TASK OBJECTIVE: An exact transcription is needed, beginning at the line with "Da Redação do" and ending at the last line of the listing, with pictures left out and nothing else added.

═════ SUPPLIED DATA

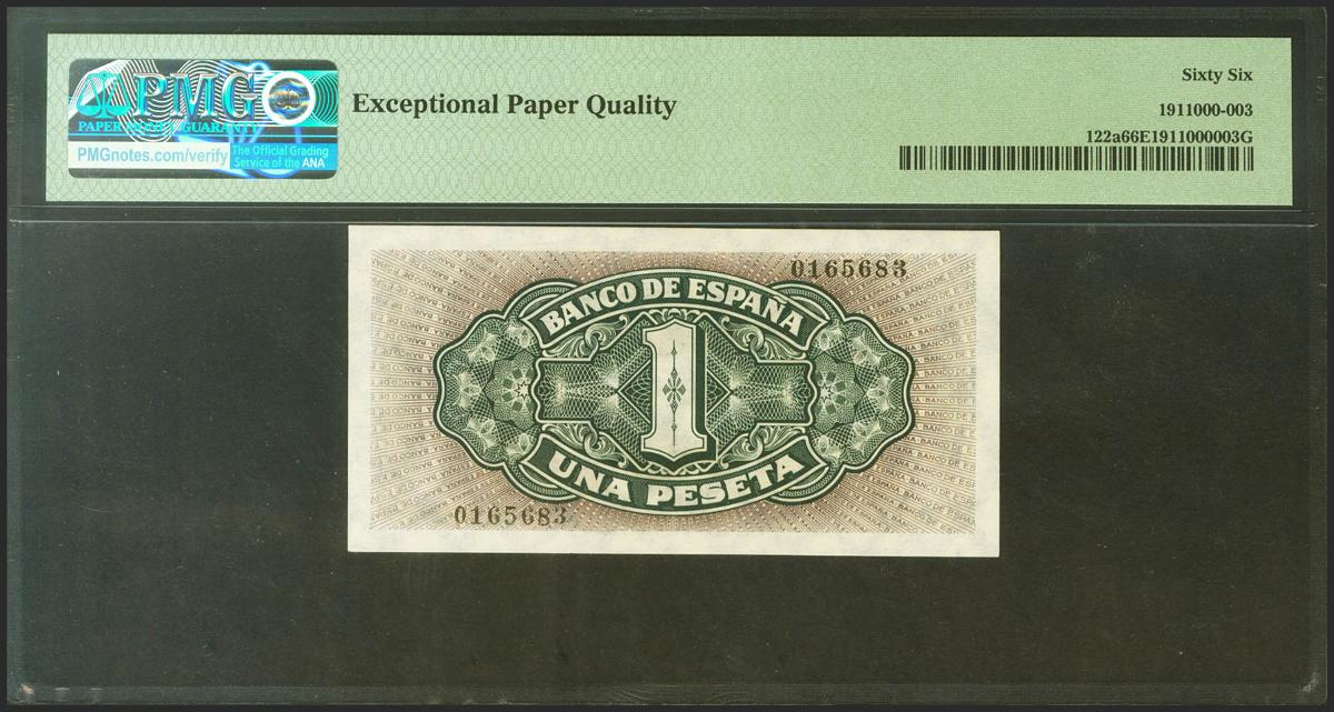 1 Pesetas. 4 de Septiembre de 1940. Sin serie. (Edifil 2021: 442, Pick: 122a). Inusual en esta calidad, apresto original. SC. Encapsulado PMG66EPQ.
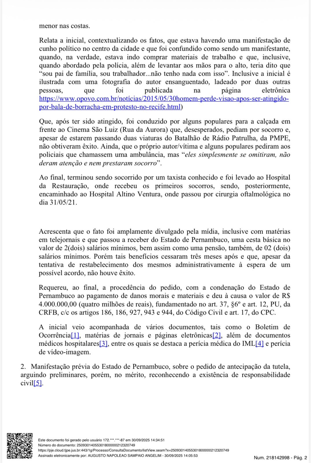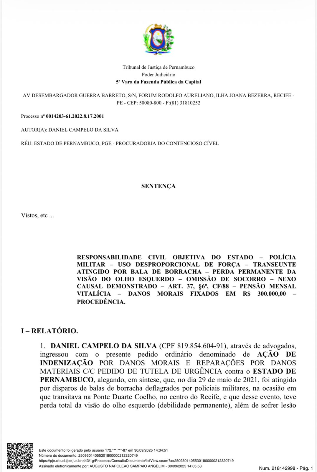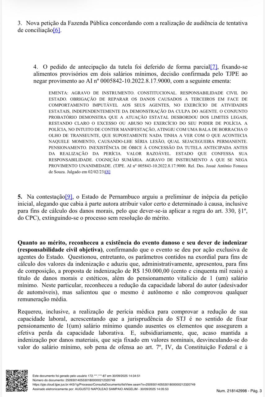 Da Redação do Blog – O juiz Augusto Napoleão Sampaio Angelim, da 5ª Vara da Fazenda Pública, dobrou o valor das indenizações do governo de Pernambuco ao adesivador Daniel Campelo da Silva, que ficou cego do olho esquerdo por uma bala de borracha disparada por policiais militares em manifestação contra o então presidente Jair Bolsonaro, na Ponte Duarte Coelho, no Centro do Recife, em 29 de maio de 2021.
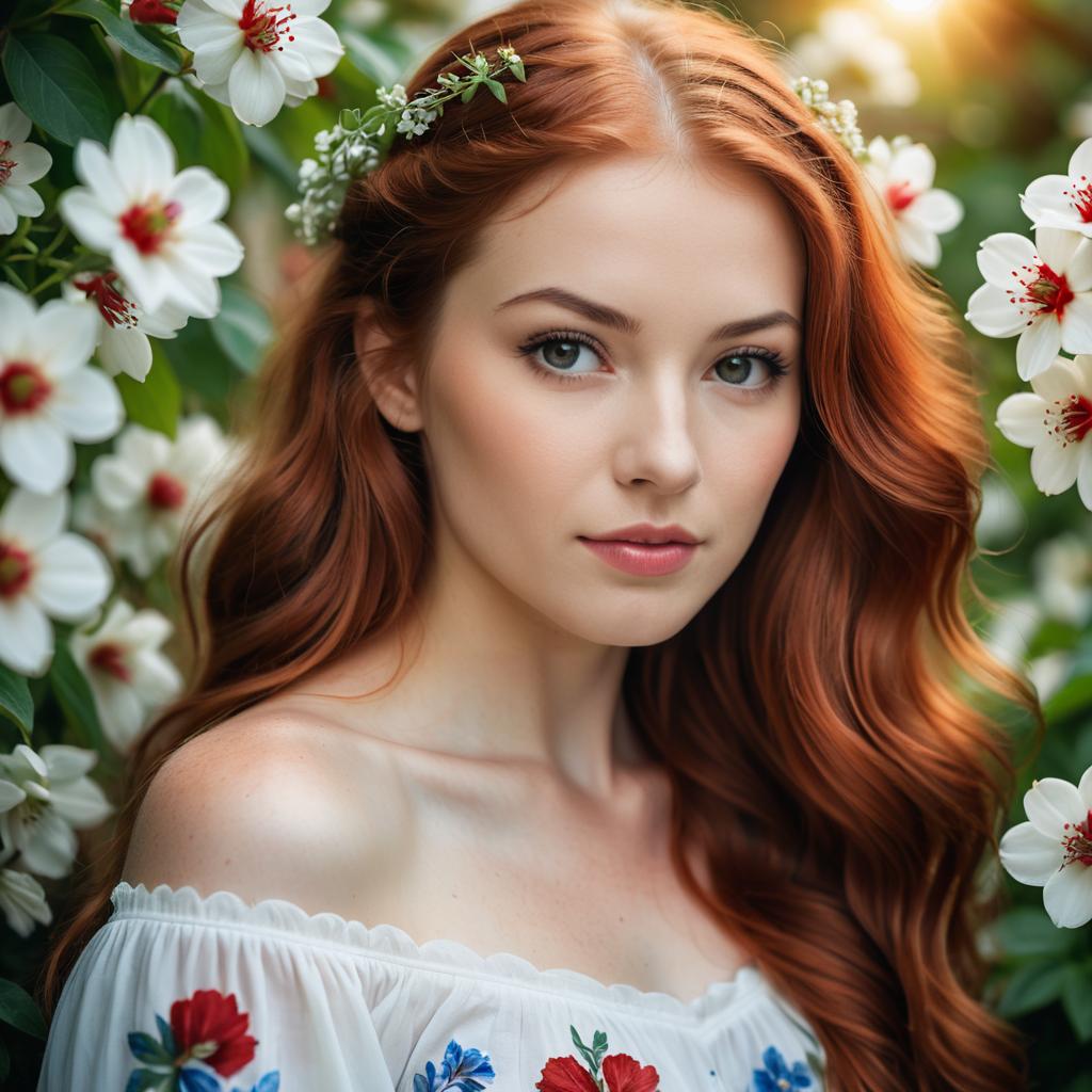A close-up portrait of a young woman with long, wavy natural red hair and blue eyes, soft warm lighting highlighting smooth, detailed skin texture, surrounded by blooming red and white flowers with green leaves, wearing an off-shoulder white top, romantic and serene atmosphere, detailed and realistic style

══════════

EXERCISE SOLUTION:
 Da Redação do Blog – O juiz Augusto Napoleão Sampaio Angelim, da 5ª Vara da Fazenda Pública, dobrou o valor das indenizações do governo de Pernambuco ao adesivador Daniel Campelo da Silva, que ficou cego do olho esquerdo por uma bala de borracha disparada por policiais militares em manifestação contra o então presidente Jair Bolsonaro, na Ponte Duarte Coelho, no Centro do Recife, em 29 de maio de 2021.
A close-up portrait of a young woman with long, wavy natural red hair and blue eyes, soft warm lighting highlighting smooth, detailed skin texture, surrounded by blooming red and white flowers with green leaves, wearing an off-shoulder white top, romantic and serene atmosphere, detailed and realistic style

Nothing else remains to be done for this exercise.